Pero, como siempre, el único que a estas alturas sigue manifestando entusiasmo por la Unión Europea es Francisco. Un ítem más para su largo prontuario globalista, luego de sus últimas genuflexiones a China y Xi Jinping y su siniestra invocación a rezar «por los que ya están preparando el futuro».
Hace exactamente treinta años, monseñor Marcel Lefebvre escribía en el Prólogo a su última obra, Itinerario espiritual siguiendo a santo Tomás de Aquino: «En la tarde de una larga vida —ya que, nacido en 1905, he llegado al año 1990—, podría decir que esta vida se ha visto marcada por acontecimientos mundiales excepcionales: tres guerras mundiales, la de 1914-1918, la de 1939-1945, y la del Concilio Vaticano II de 1962-1965. Los desastres acumulados por estas tres guerras, y especialmente por la última, son incalculables en el orden de las ruinas materiales, pero mucho más aún espirituales. Las dos primeras han preparado la guerra dentro de la Iglesia, facilitando la ruina de las instituciones cristianas y la dominación de la Masonería, la cual llegó a ser tan poderosa que logró penetrar profundamente, por su doctrina liberal y modernista, en los organismos directores de la Iglesia». Este párrafo, relativamente breve, es un compendio de la historia del siglo XX y que hoy cobra absoluta vigencia, con el presente pontificado y la presente pandemia.
François Fejtö en su Réquiem por un imperio difunto (1988) revela claramente hasta qué punto la Primera Guerra Mundial, gracias a Wilson, Clemenceau y Masaryk, fue aprovechada como una ocasión de reconfigurar políticamente Europa con designios revolucionarios, emanados de las sociedades discretas a las que pertenecían esos líderes.
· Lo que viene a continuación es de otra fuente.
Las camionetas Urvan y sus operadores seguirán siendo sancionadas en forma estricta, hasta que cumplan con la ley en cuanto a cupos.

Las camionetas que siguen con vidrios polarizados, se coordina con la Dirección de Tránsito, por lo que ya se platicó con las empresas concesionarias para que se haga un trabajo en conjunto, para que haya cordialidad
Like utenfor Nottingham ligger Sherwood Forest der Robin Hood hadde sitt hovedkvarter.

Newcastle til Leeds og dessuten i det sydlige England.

Las consecuencias fueron la destrucción del Imperio Austrohúngaro, única gran potencia católica y katehon supérstite, la quiebra económica de la Santa Sede (que tendría consecuencias incalculables que se vivirían especialmente a partir de 1965), la aparición de los estados totalitarios y, finalmente, la Segunda Guerra Mundial, que significó la entrega de media Europa a la Unión Soviética, las presiones incalculables para americanizar la Iglesia a través de la aceptación de la libertad religiosa en un contexto de polarización acuciante y los espantajos nucleares de la Guerra Fría que fueron las mayores herramientas sicológicas para la aceptación del aggiornamento disfrazado de «paz y seguridad» y para otros acontecimientos puntuales pero de gran importancia como la elección del «pacífico y dialogante» Roncalli contra el zelante Siri en 1958.
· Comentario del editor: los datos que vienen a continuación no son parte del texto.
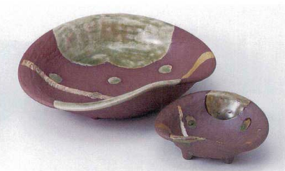
M017-27 南蛮銀河刺身鉢 16×14.3×4.5cm 2,200円 M017-28 南蛮銀河千代口 8.8×7.5×3cm 1,000円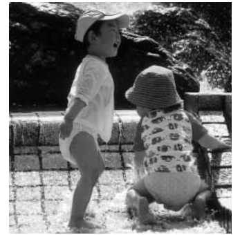
水遊びをする子ども

問 市民プール跡地利用は子ども達が水に親しめるような「せせらぎ」を備えた施設を整備し、子ども達の歓声があふれた施設にしたいとのこと。行田市市民プールの中にある水遊びができるような施設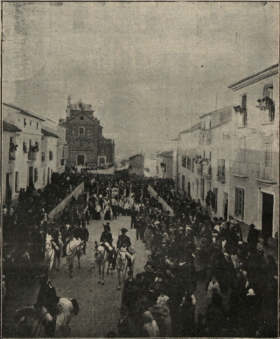
La comitiva fúnebre dirigiéndose á las Casas Consistoriales, donde se instaló la capilla ardiente.

en el extranjero, con el encargo de que contesten á su majestad imperial con otras ilustradas.

Como dicen tanto monseñor Lefebvre como una lectura atenta de los últimos 100 años, podemos ver claramente hacia dónde se han orientado las guerras mundiales y las reconstrucciones posteriores. Pero ¿queda acaso ahora algo por destruir? Quizá un puñado de estados soberanos y otro puñado de creyentes, en muchos lugares ya despojados, por obra de sus propios jerarcas eclesiásticos, del acceso a los sacramentos. Quizá también la familia natural, herida gravemente, pero todavía no rematada…Pero la crisis sacudirá también varias de las instituciones sociales y tendencias culturales que han servido para imponer la llamada «globalización».
Intuyo, por tanto, que aquellos que están «planificando el futuro» se están jugando el todo por el todo. Y que, Dios mediante, el torbellino destructivo que han desencadenado podría acabar por barrerlos.